> _Provided entries_

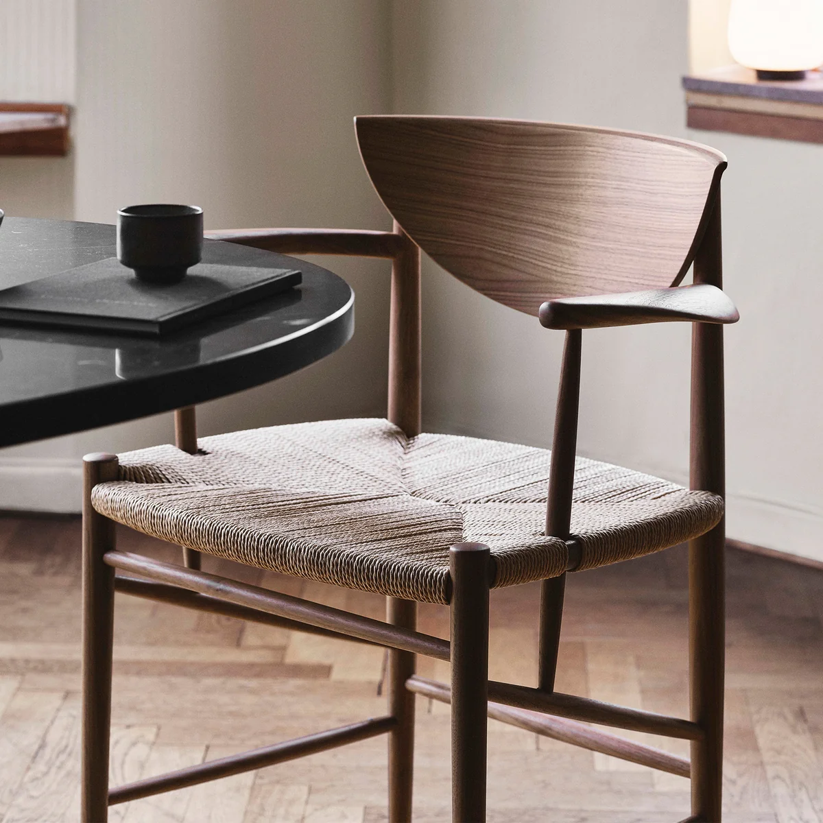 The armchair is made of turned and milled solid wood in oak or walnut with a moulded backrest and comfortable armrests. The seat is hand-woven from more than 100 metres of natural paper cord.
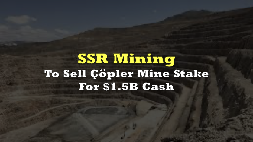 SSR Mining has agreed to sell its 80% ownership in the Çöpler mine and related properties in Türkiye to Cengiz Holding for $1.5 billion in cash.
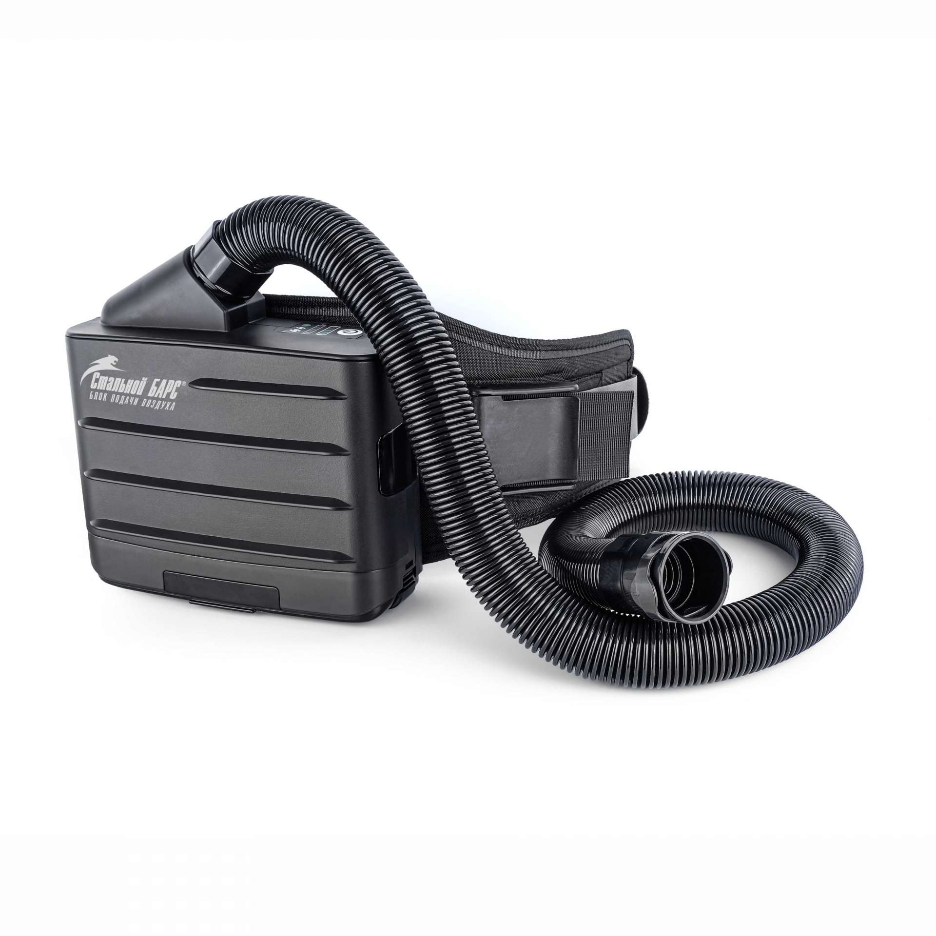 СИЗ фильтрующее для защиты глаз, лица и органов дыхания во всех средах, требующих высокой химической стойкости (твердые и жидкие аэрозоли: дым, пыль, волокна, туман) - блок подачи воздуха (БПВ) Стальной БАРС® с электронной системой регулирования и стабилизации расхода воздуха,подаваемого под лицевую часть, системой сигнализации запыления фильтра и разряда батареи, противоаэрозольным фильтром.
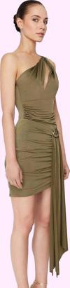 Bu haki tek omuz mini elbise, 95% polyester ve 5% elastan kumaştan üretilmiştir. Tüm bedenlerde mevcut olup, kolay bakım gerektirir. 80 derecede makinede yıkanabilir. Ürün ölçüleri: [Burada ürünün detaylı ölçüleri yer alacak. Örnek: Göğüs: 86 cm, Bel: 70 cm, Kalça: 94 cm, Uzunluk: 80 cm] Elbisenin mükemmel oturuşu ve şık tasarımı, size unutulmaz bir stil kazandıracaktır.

==

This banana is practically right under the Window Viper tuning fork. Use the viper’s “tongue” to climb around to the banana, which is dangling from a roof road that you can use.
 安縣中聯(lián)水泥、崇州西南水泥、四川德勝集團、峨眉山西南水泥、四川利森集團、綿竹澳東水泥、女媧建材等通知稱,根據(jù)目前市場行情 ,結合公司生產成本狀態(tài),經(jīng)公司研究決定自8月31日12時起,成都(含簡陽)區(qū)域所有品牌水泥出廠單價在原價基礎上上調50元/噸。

---

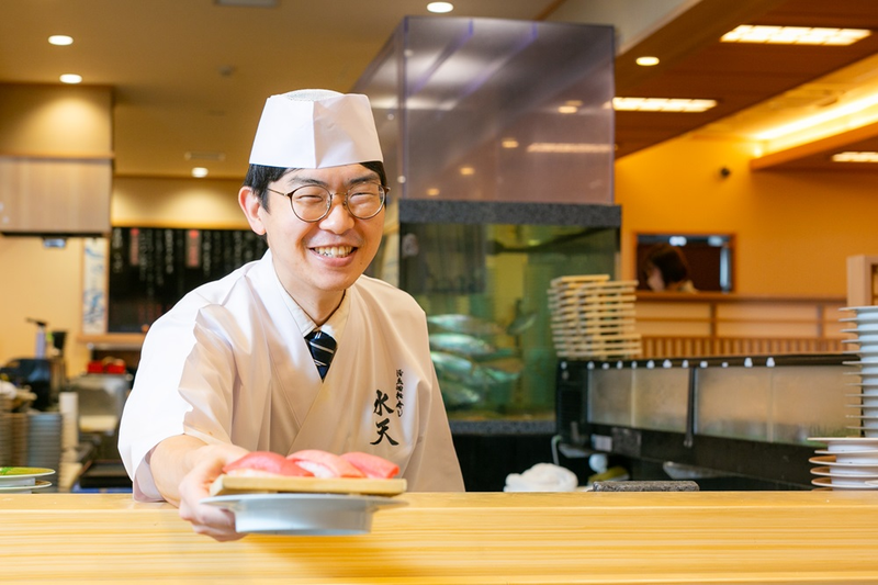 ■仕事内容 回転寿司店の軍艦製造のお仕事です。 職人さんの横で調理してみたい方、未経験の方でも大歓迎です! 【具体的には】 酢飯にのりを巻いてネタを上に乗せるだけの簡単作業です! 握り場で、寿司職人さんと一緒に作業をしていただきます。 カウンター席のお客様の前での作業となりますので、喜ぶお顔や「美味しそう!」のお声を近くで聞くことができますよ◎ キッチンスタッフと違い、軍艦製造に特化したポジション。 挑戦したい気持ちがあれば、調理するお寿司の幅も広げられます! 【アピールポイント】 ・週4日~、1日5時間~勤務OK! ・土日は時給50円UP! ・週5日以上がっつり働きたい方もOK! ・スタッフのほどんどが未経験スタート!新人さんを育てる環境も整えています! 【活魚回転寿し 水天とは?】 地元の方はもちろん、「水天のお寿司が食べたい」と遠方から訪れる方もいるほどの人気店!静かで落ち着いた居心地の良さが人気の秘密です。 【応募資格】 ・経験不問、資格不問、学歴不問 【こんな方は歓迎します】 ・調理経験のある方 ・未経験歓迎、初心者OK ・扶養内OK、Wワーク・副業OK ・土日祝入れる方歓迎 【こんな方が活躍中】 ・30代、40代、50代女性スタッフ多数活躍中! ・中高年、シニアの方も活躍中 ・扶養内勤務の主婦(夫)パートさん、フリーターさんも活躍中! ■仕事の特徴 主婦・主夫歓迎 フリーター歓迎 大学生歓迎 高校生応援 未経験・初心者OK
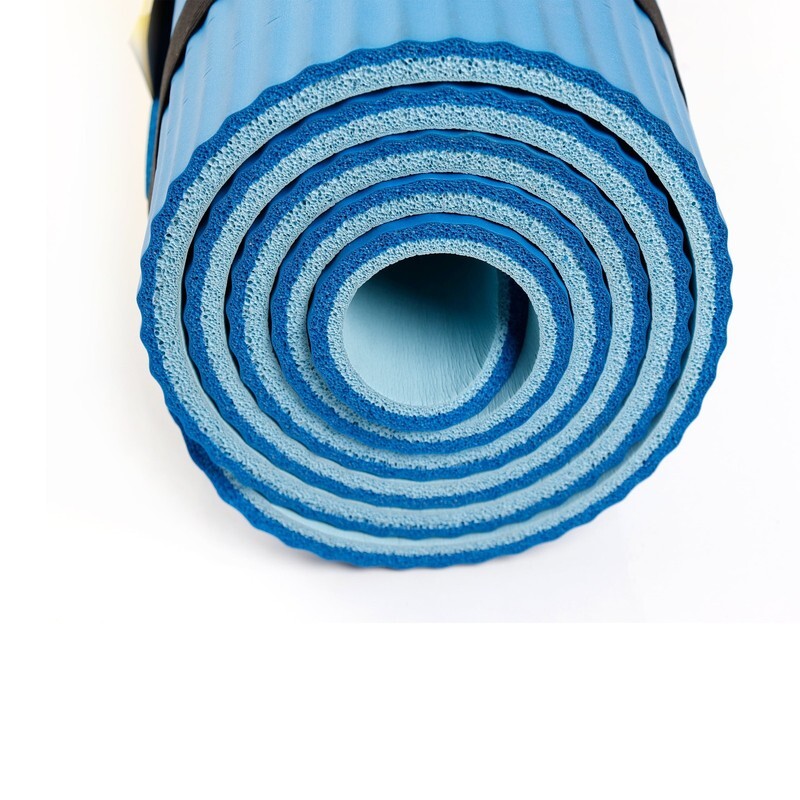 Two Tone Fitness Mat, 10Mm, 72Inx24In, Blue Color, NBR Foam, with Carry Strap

> _Work to complete_
Go to the line above that contains "The armchair is" and reproduce everything exactly from there through the line that contains "SSR Mining has", leaving out the pictures.

> _The completed task_
 The armchair is made of turned and milled solid wood in oak or walnut with a moulded backrest and comfortable armrests. The seat is hand-woven from more than 100 metres of natural paper cord.
 SSR Mining has agreed to sell its 80% ownership in the Çöpler mine and related properties in Türkiye to Cengiz Holding for $1.5 billion in cash.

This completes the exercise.